我不知道为什么我不能读取和遍历我的类文件对象。
您引用的答案有点不完整。它告诉我们如何将 cStringIO 缓冲区作为字符串获取,但是您必须对该字符串做一些事情。你可以这样做:
def remove_duplicates(f_temp, dir_out): # f_temp is the cStringIO object.
"""Function to remove duplicates from the intermediate file and write to physical file."""
lines_seen = set() # Define a set to hold lines already seen.
f_out = define_outputs(dir_out) # Create the real output file by calling function "define_outputs". Note: This function is not shown in my pasted code.
# contents = cStringIO.OutputType.getvalue(f_temp) # From:
contents = f_temp.getvalue() # simpler approach
contents = contents.strip('\n') # remove final newline to avoid adding an extra row
lines = contents.split('\n') # convert to iterable
for line in lines: # Iterate through the list of lines.
line = compute_md5(line) # Function to compute the MD5 hash of each line. Note: This function is not shown in my pasted code.
if line not in lines_seen: # Not a duplicate line (based on MD5 hash, which is supposed to save memory).
f_out.write(line + '\n')
lines_seen.add(line)
f_out.close()
但是在f_temp"file handle"上使用正常的IO操作可能会更好,像这样:
def remove_duplicates(f_temp, dir_out): # f_temp is the cStringIO object.
"""Function to remove duplicates from the intermediate file and write to physical file."""
lines_seen = set() # Define a set to hold lines already seen.
f_out = define_outputs(dir_out) # Create the real output file by calling function "define_outputs". Note: This function is not shown in my pasted code.
# move f_temp's pointer back to the start of the file, to allow reading
f_temp.seek(0)
for line in f_temp: # Iterate through the cStringIO file-like object.
line = compute_md5(line) # Function to compute the MD5 hash of each line. Note: This function is not shown in my pasted code.
if line not in lines_seen: # Not a duplicate line (based on MD5 hash, which is supposed to save memory).
f_out.write(line)
lines_seen.add(line)
f_out.close()
这是一个测试(其中一个):
import cStringIO, os
def define_outputs(dir_out):
return open('/tmp/test.txt', 'w')
def compute_md5(line):
return line
f = cStringIO.StringIO()
f.write('string 1\n')
f.write('string 2\n')
f.write('string 1\n')
f.write('string 2\n')
f.write('string 3\n')
remove_duplicates(f, 'tmp')
with open('/tmp/test.txt', 'r') as f:
print(str([row for row in f]))
# ['string 1\n', 'string 2\n', 'string 3\n']
在脚本中,我正在将行写入文件,但有些行可能是重复的。所以我创建了一个临时的 cStringIO
类文件对象,我称之为 "intermediate file"。我先将行写入中间文件,删除重复项,然后写入真实文件。
所以我写了一个简单的 for 循环来遍历中间文件中的每一行并删除所有重复项。
def remove_duplicates(f_temp, dir_out): # f_temp is the cStringIO object.
"""Function to remove duplicates from the intermediate file and write to physical file."""
lines_seen = set() # Define a set to hold lines already seen.

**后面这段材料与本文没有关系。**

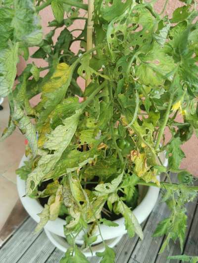 Il y a 15 jours j'avais des pucerons j'ai arranger avec du savon noir mélanger à l'eau je n'en ai plus, mais voilà que la tomates et même les feuilles ce font manger, je ne voit pas d'insecte dessus, les feuilles du bas sont jaunes et légèrement enrouler, et celle du haut sont très jolie, il est en pot je larrosse tous les soirs le pied et bien gros et pousse bien mais je 'e sais ce qu'il ce passe à cette allure nous ne pourrons pas manger les tomates 😌

f_out = define_outputs(dir_out) # Create the real output file by calling function "define_outputs". Note: This function is not shown in my pasted code.
cStringIO.OutputType.getvalue(f_temp) # From:
for line in f_temp: # Iterate through the cStringIO file-like object.
line = compute_md5(line) # Function to compute the MD5 hash of each line. Note: This function is not shown in my pasted code.
if line not in lines_seen: # Not a duplicate line (based on MD5 hash, which is supposed to save memory).
f_out.write(line)
lines_seen.add(line)
f_out.close()
我的问题是 for
循环永远不会执行。我可以通过在我的调试器中放置一个断点来验证这一点;该行代码被跳过,函数退出。我什至阅读了 cStringIO.OutputType.getvalue(f_temp)
,但这并没有解决我的问题。
我不知道为什么我不能读取和遍历我的类文件对象。
您引用的答案有点不完整。它告诉我们如何将 cStringIO 缓冲区作为字符串获取,但是您必须对该字符串做一些事情。你可以这样做:
def remove_duplicates(f_temp, dir_out): # f_temp is the cStringIO object.
"""Function to remove duplicates from the intermediate file and write to physical file."""
lines_seen = set() # Define a set to hold lines already seen.
f_out = define_outputs(dir_out) # Create the real output file by calling function "define_outputs". Note: This function is not shown in my pasted code.
# contents = cStringIO.OutputType.getvalue(f_temp) # From:
contents = f_temp.getvalue() # simpler approach
contents = contents.strip('\n') # remove final newline to avoid adding an extra row
lines = contents.split('\n') # convert to iterable
for line in lines: # Iterate through the list of lines.
line = compute_md5(line) # Function to compute the MD5 hash of each line. Note: This function is not shown in my pasted code.
if line not in lines_seen: # Not a duplicate line (based on MD5 hash, which is supposed to save memory).
f_out.write(line + '\n')
lines_seen.add(line)
f_out.close()
但是在f_temp"file handle"上使用正常的IO操作可能会更好,像这样:
def remove_duplicates(f_temp, dir_out): # f_temp is the cStringIO object.
"""Function to remove duplicates from the intermediate file and write to physical file."""
lines_seen = set() # Define a set to hold lines already seen.
f_out = define_outputs(dir_out) # Create the real output file by calling function "define_outputs". Note: This function is not shown in my pasted code.
# move f_temp's pointer back to the start of the file, to allow reading
f_temp.seek(0)
for line in f_temp: # Iterate through the cStringIO file-like object.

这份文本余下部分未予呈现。